» Dataset section
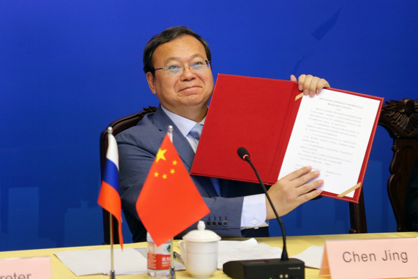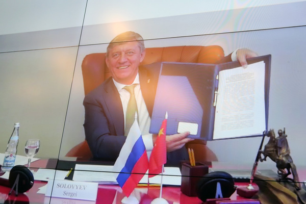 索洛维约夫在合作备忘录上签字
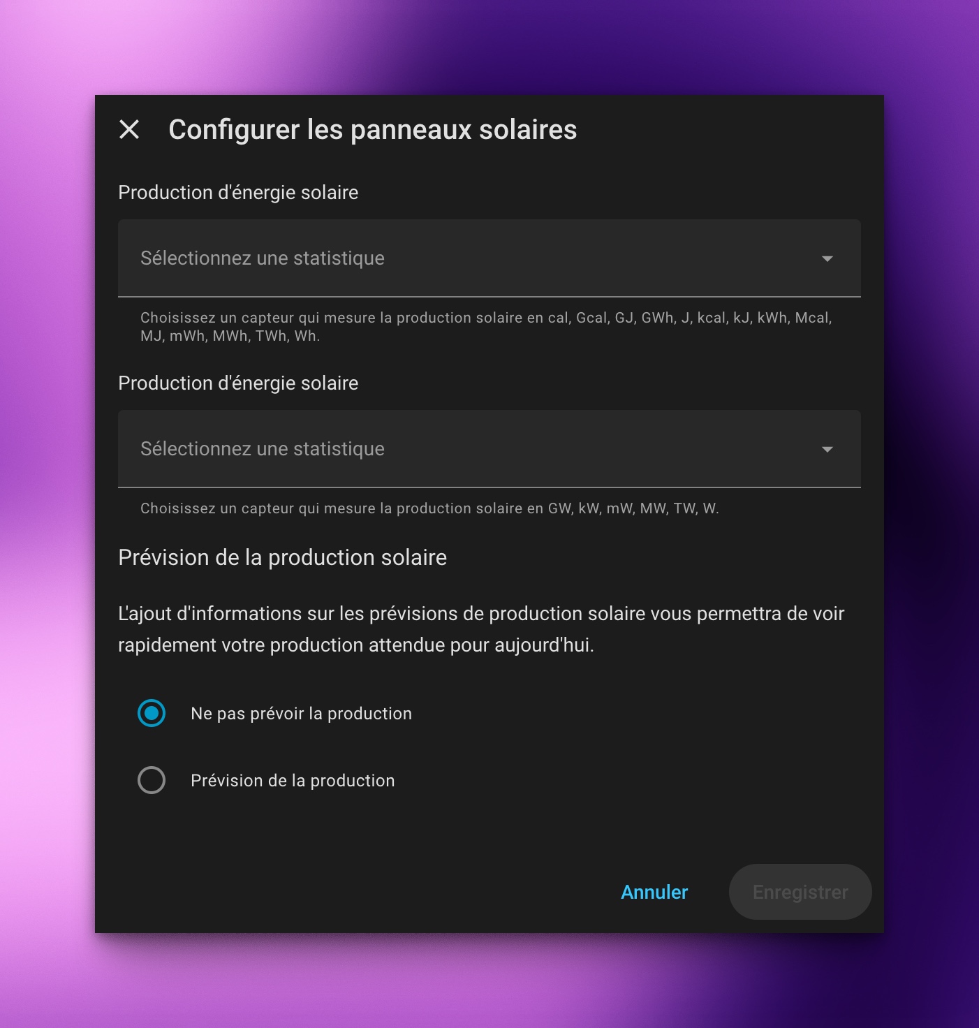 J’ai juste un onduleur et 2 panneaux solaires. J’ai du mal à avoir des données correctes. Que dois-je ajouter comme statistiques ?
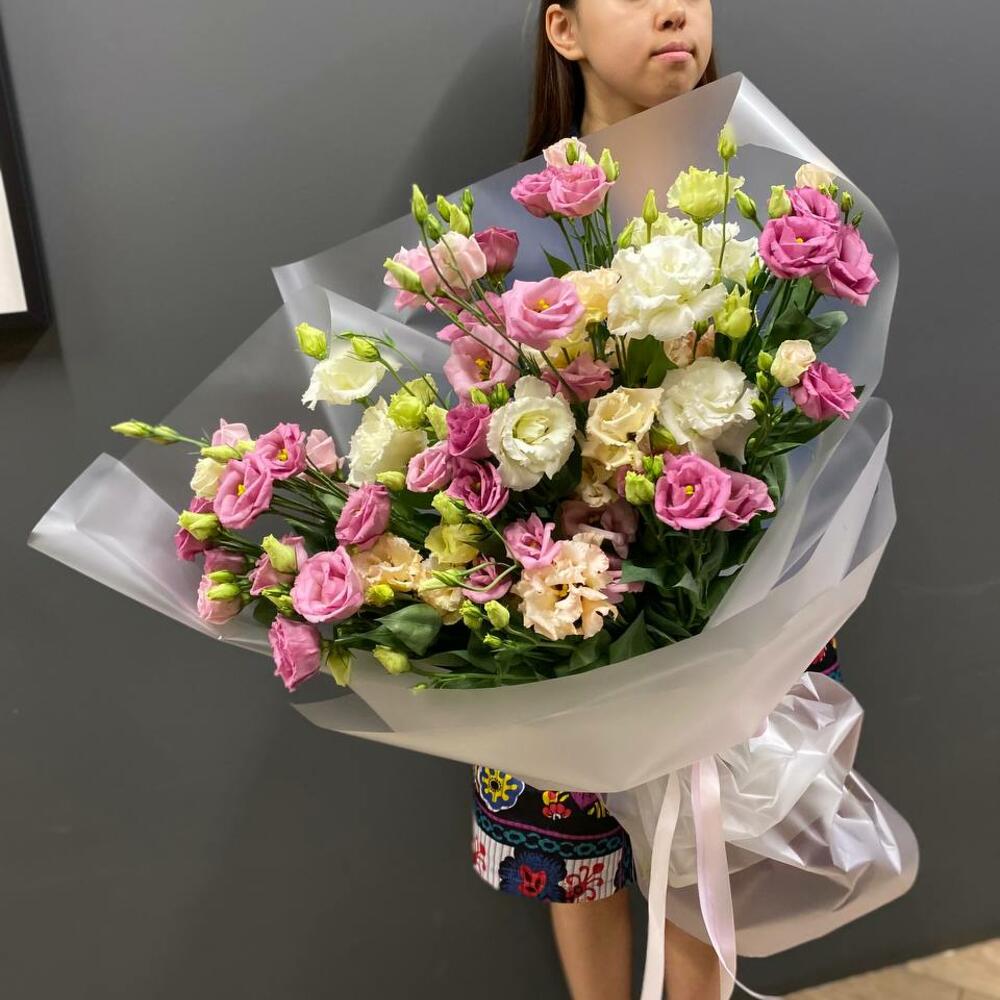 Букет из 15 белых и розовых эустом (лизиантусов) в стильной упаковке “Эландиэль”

» Task prompt
Please restate exactly the lines from the one containing "J’ai juste un" down to the end of the material, both ends kept, and do not include the pictures.

» Result
 J’ai juste un onduleur et 2 panneaux solaires. J’ai du mal à avoir des données correctes. Que dois-je ajouter comme statistiques ?
 Букет из 15 белых и розовых эустом (лизиантусов) в стильной упаковке “Эландиэль”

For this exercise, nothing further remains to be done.